Subscribed. I always use the elevation correction on my 510. It just seems more accurate to me. For me, the correction is always downward. It can be as much as 50% less than what the non-corrected Garmin readings suggest. To me the adjusted figures "feel" more accurate. Anyhow, looking forward to reading what others think.


----------



## Harold (Dec 23, 2003)

When using elevation corrections, positional accuracy matters. Strava does positional corrections also with their slide system. Look it up in strava labs. It is a really cool process. Your data can be garbage but strava will fix it for you. Garmin connect does not do this. GPS receivers do some processing of data on the fly but this is not the same as what strava does. Strava is essentially crowdsourcing gps corrections.

My last ride climbing data ranged from 1000ft to over 3,000ft depending on where I put it and analyzed it. Tis the nature of the beast. Measuring elevation is a helluva lot harder than you might think. What is 0ft elevation?


----------



## ewarnerusa (Jun 8, 2004)

Is the elevation provided by the Edge 500's barometric altimeter suspect? I thought the default was to rely on the barometric altimeter data (no elevation correction applied) because it is considered the most accurate?


----------



## Harold (Dec 23, 2003)

Barometric altimeters aren't perfect. They absolutely provide a more fine-grained elevation profile. The "corrections" applied by most sites/services make use of digital elevation model data and most of that has a 30m resolution. So this alone gives barometric altimeters more accuracy.

HOWEVER, the major limitation of the barometric altimeter is that it uses a barometer to measure elevation.
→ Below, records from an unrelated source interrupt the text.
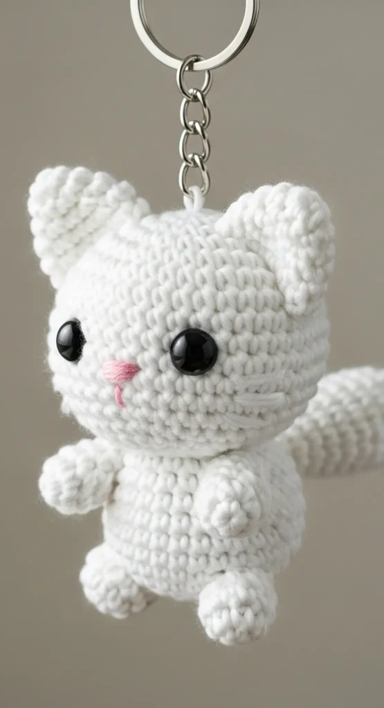 - Keychain: Using a strand of white yarn, create a sturdy loop at the very top center of the head. Thread this loop through the last link of the keychain chain and secure it tightly. Alternatively, you can directly sew the keychain ring to the head. Weave in all remaining ends.
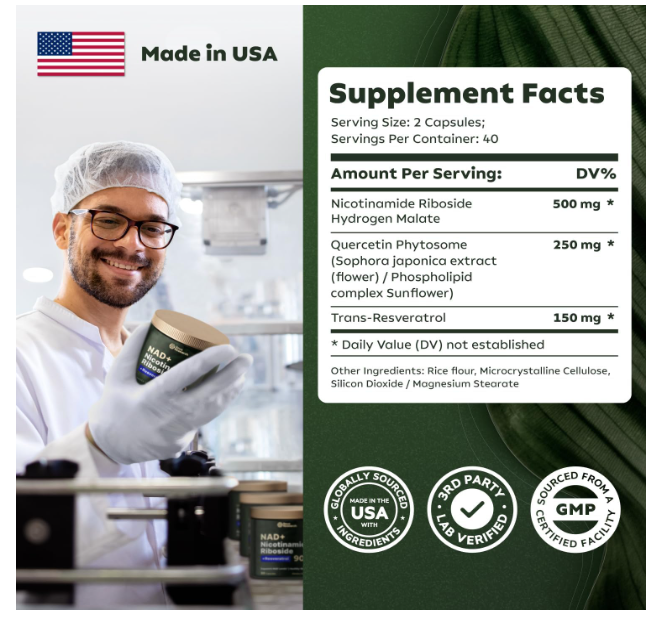 🛡️ Calidad garantizada en los Estados Unidos: Nuestro suplemento, que combina ribósido de nicotinamida, resveratrol y quercetina, es sometido a rigurosas pruebas de terceros en los Estados Unidos para garantizar su pureza y efectividad. ✅ Certificados de calidad disponibles bajo solicitud. 🌟 Recupera lo mejor de ti con el refuerzo avanzado de NAD+.
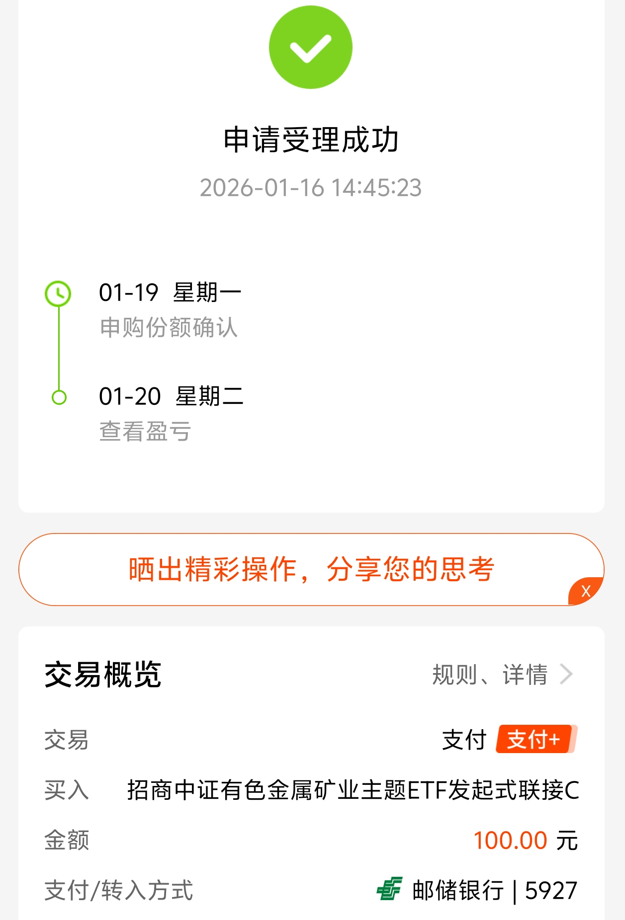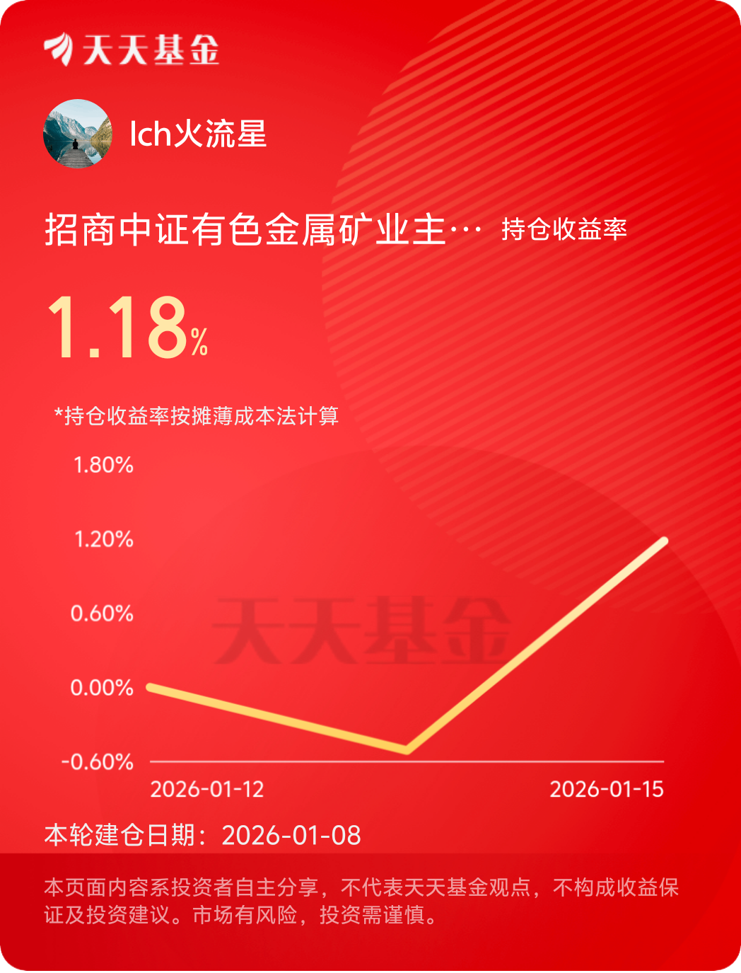 今天市场又是震荡行情,终止连阳后,板块轮动速度加快。值得注意的是,近阶段以来有色金属持续性还是不错的,小幅度持续上涨。开年来国际金价银价,大宗商品,不断创新高。受此影响,流星相信有色金属后市可期。$招商中证有色金属矿业主题ETF发起式联接C$ 招商中证有色金属矿业主题指数C,主要跟踪有色金属指数,受供给刚性和新能源需求利好驱动,有望享受板块上行红利,其经理风控稳健,择时建仓布局。跟上经理优秀步伐,会有意想不到的惊喜。现国际局势不稳,加之美联储降息预期升温,流星相信,有色金属后市还会有上升空间,今天继续定投100元。拿好筹码,干就完了
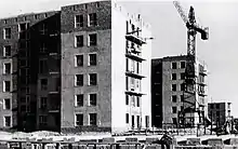 Other foreign architects and planners were brought to the Soviet Union around this time, as the government was about to reach the end of its First Five-Year Plan in 1932, the aim of which was to transform the Soviet Union from an agriculture state to an industrial powerhouse.[7][8] Up to 800 Germans then worked in the Soviet Union's building industry.[9] The architect Ernst May was also working in Moscow leading a group of young European architects.[6]
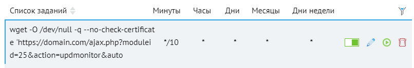 wget -O /dev/null -q --no-check-certificate 'https://domain.com/ajax.php?moduleid=25&action=updmonitor&auto'
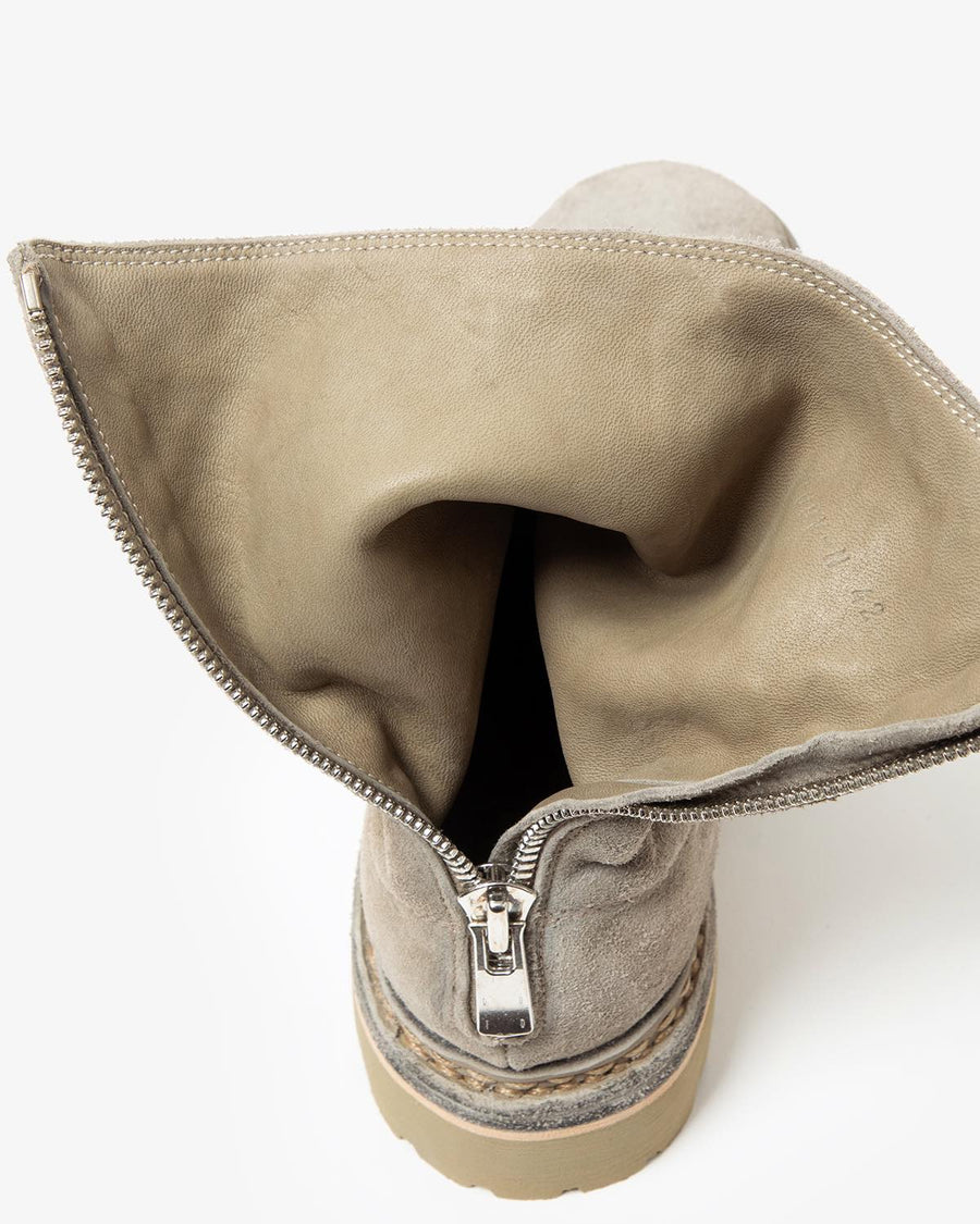 〈GUIDI〉のインラインで展開されるバックジップ仕様のブーツ「788V BABY BUFFALO REVERSE」をベースに制作された、両ブランド最初のコラボレーションモデルが、新たなカラーで登場です。
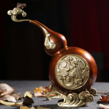 葫芦有天然木葫芦和铜葫芦之分,葫芦有“福禄”的谐音。

Barometers are affected by weather. Sometimes strongly so. You'll see this if you go ride, stop somewhere for half an hour or more to eat lunch or something (pause the GPS), and then head out again. I've done this where my elevation changes by a rather large amount that's CLEARLY visible on the elevation profile.

If you go out for a ride that lasts all day, you can see the effects of this, also. Especially if your start/finish location is the same place (not a point-to-point), and even moreso if you do an out-and-back where the elevation profile mirrors itself at your halfway point. The longer you are out, the more the elevation will "drift" because the weather is changing. Do this when there's a frontal system moving through and it can really exaggerate.

On my Oregon 450, this is definitely a thing. To keep the barometer accurate, I need to calibrate that device to known elevations periodically. It's not important for me, so I don't worry about it. My Forerunner doesn't have a barometric altimeter, so I use the elevation corrections. Say what you will about the accuracy, but at least it's more consistent (though elevation accuracy does depend on positional accuracy). Many of the newer Edges do run some automatic calibrations of the barometric altimeter using satellite-calculated elevation. I haven't used any of these devices enough to be able to say how I like the system, but it's an effort to minimize problems caused by barometric drift that my Oregon 450 has that it requires periodic manual calibration to address.


----------



## ewarnerusa (Jun 8, 2004)

I recognize the potential pitfalls on relying on ambient air pressure for elevation, I've also confirmed the impacts based on changes in ambient pressure not related to climbing/descending as you've described. I have my Edge 510 set up to do the calibrations when I leave from home or from work, but the precision of that value isn't very important to me so I've never looked into if I'm happy with it. 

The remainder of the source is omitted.